- From: Lou Burnard <lou@vax.ox.ac.uk>
- Date: Mon, 10 Mar 1997 15:14:02 +0000
- To: W3C-SGML-WG@w3.org
From: OXVAXD::LOU "Lou Burnard" 10-MAR-1997 14:51:18.60 To: MX%"Peter@ursus.demon.co.uk" CC: LOU Subj: Re: 4.5 TEI Extended Pointer Locators? |Fnd I am mystified by the example in A.1.1.13 (the 3rd, 4th 5th tokens |in "This is _not_ a very good idea" are apparently: |"not_", "a" "very" |The _ acts as a delimiter if it leads a token but not if it trails it? |(Any default use of _ as a delimiter will cause scientists a lot of |grief, I suspect).] The rule is that the first SGML namecharacter found starts a new token, and the first non namecharacter terminates it, with the proviso that any character whose status as a namecharacter is not defined in the current SGML declaration is treated as a non-name-char (i.e. as white space).
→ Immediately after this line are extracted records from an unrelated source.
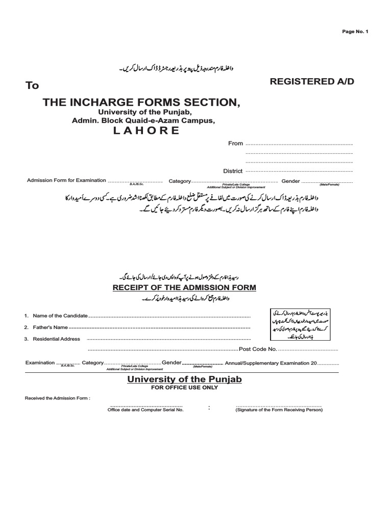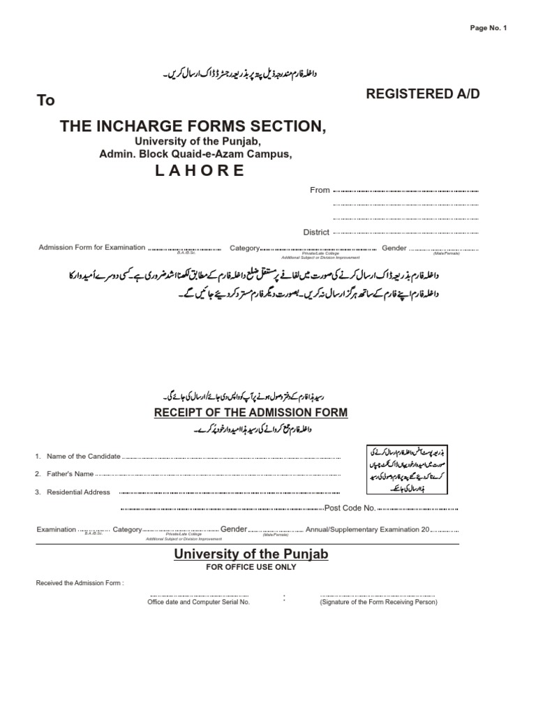 Punjab University BA/BSc Admission Form | PDF | Bachelor Of Science ...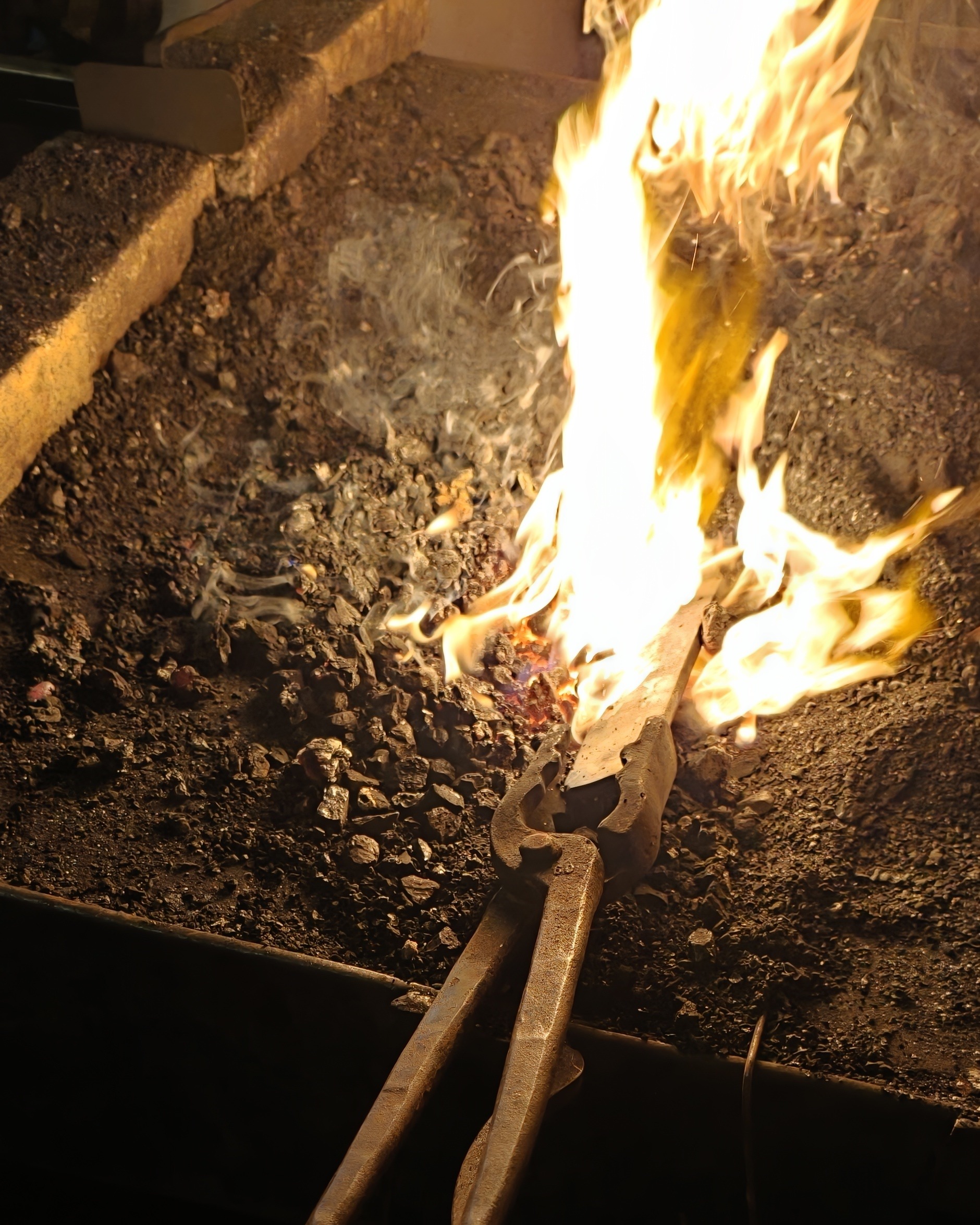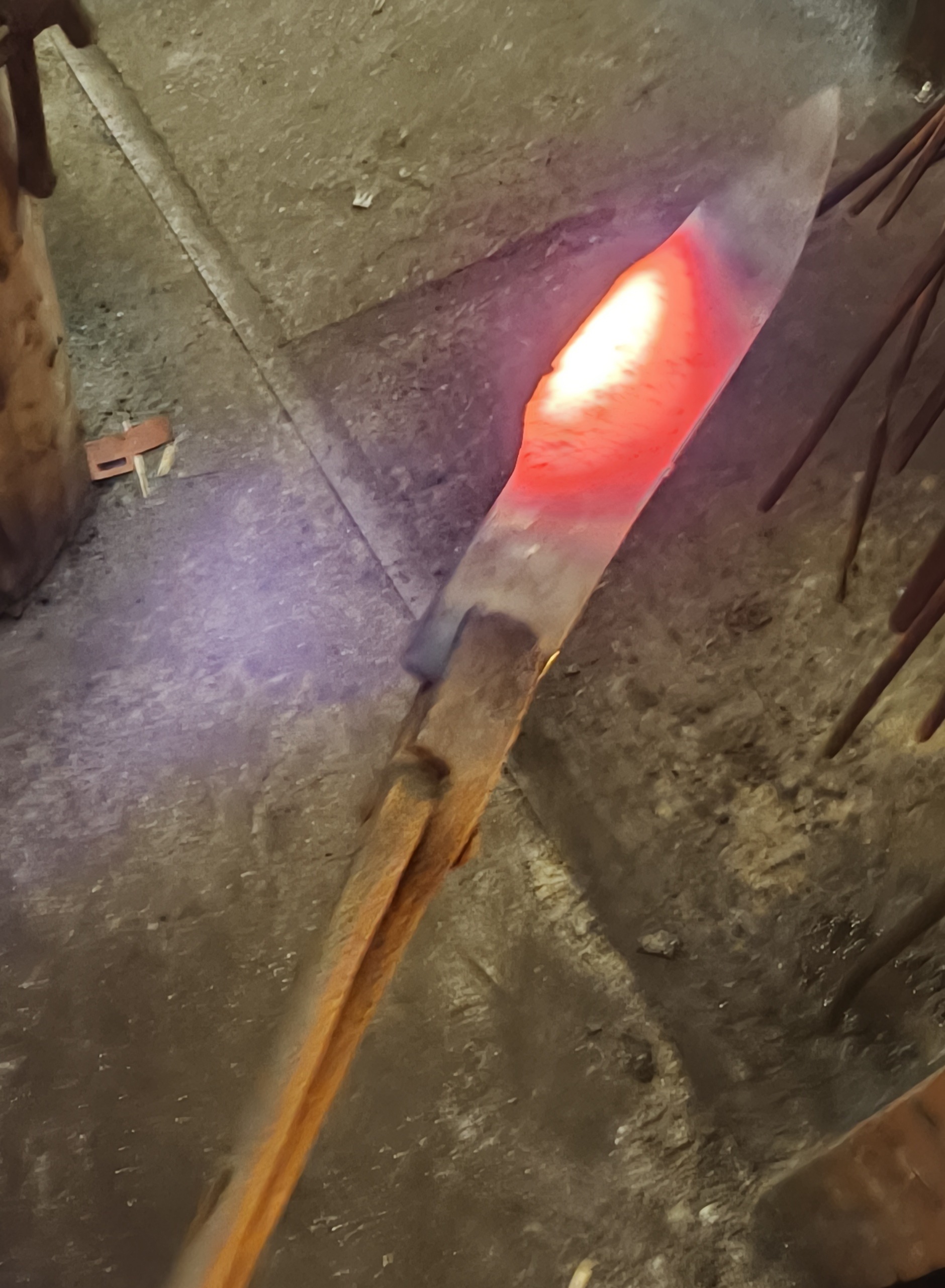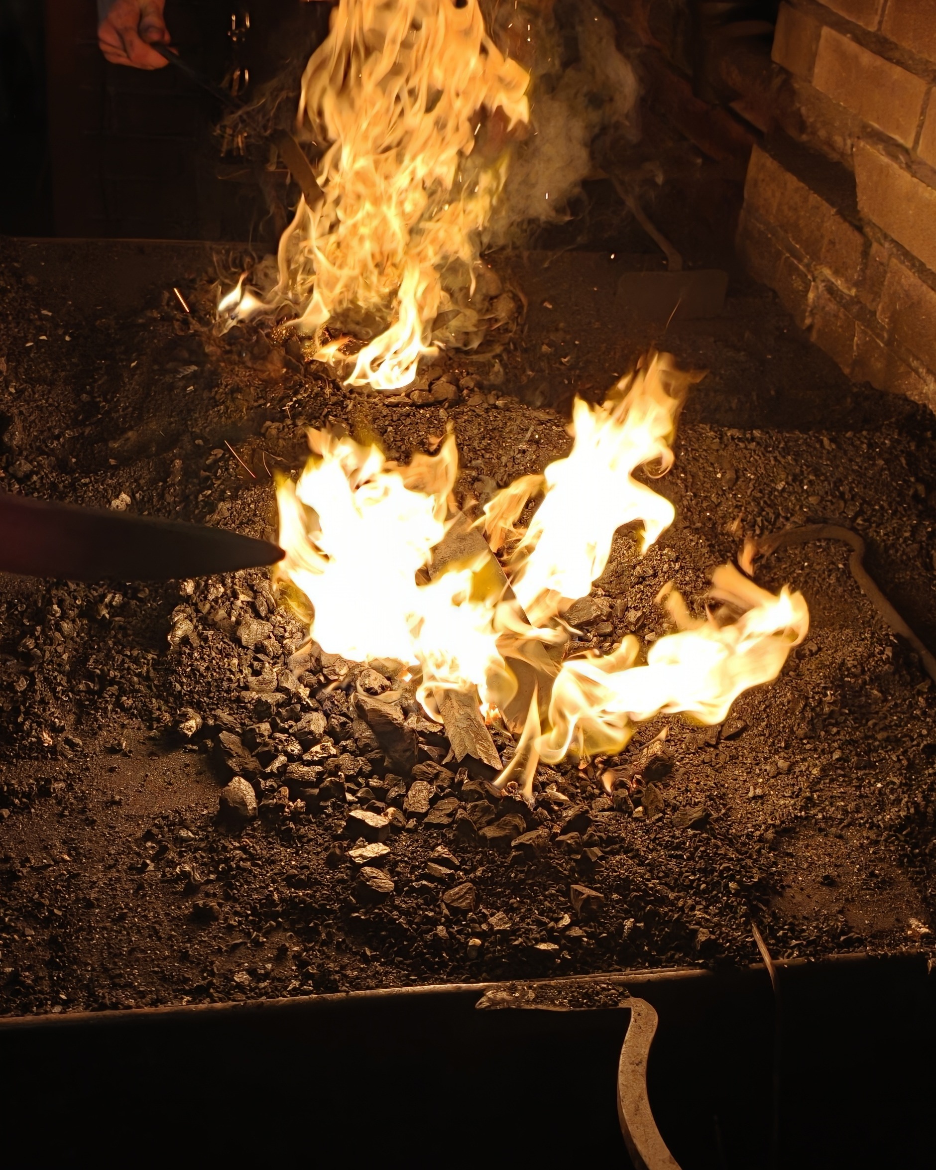 But I practiced the hammer hits, and started understanding better how the hot iron behaved. Also, how to work the coal forge. The master explained which part to keep clear of the coal, the sizes of coal nuggets to use, which ones release more sulfur, and how to control the air flow.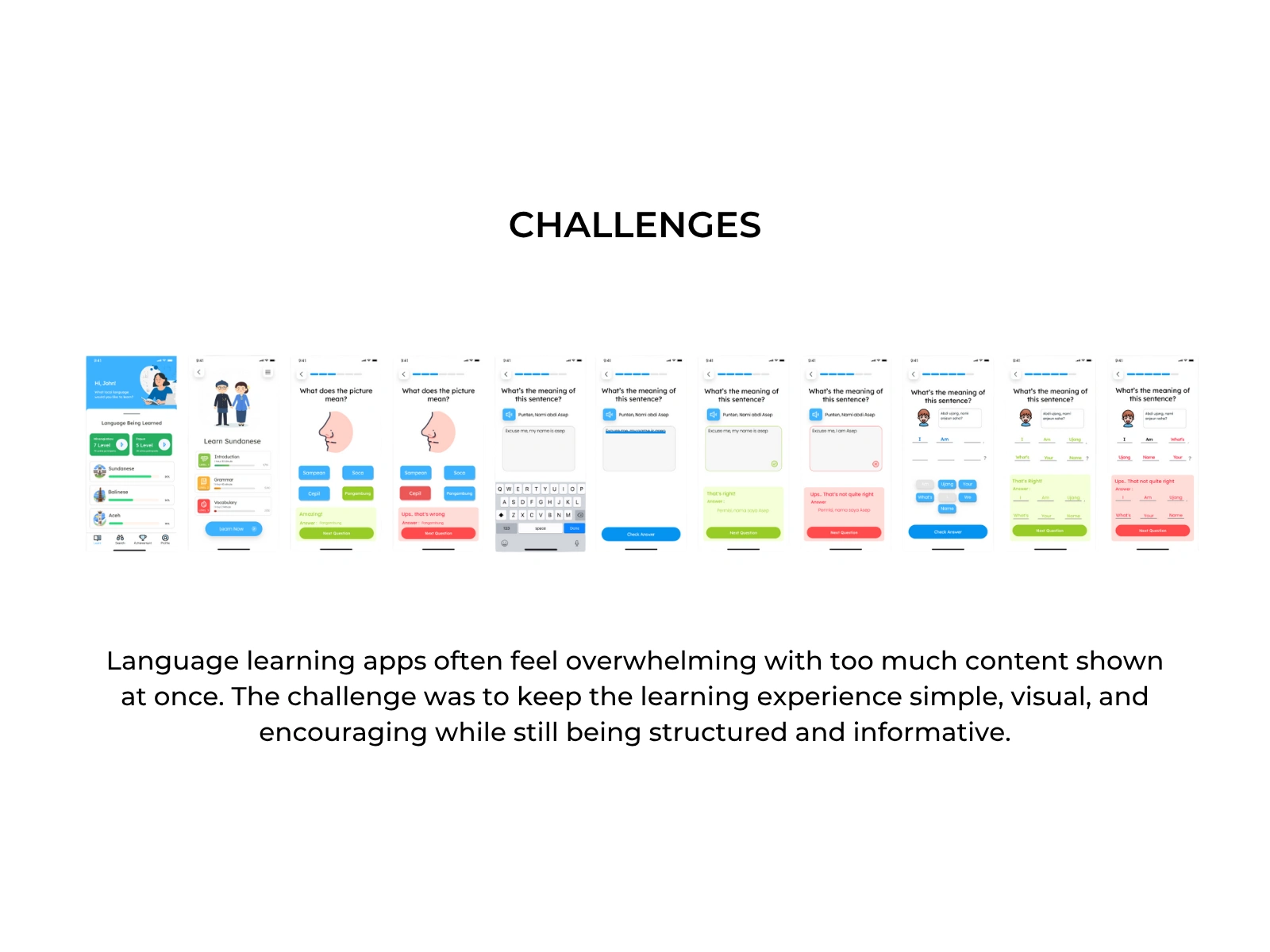 Language learning apps often become overwhelming when they present too much information or too many functions at once. Our challenge was to:

See TEI P3 p 419, from which the XML spec has been derived). This means that the underscore is, by default, regarded as white space, so the location specification TOKEN (3 5) starts with the "not" of "not_". The example is perhaps a little confusing because it requests a *span* of tokens (from the 3rd i.e. "not" to the 5th i.e. "very"), and a span, naturally enough, includes all the characters from the start of its beginning to the end of its end, including therefore one of the underscores, but not the other. Seemed a good idea at the time! Lou
Received on Monday, 10 March 1997 10:14:31 UTC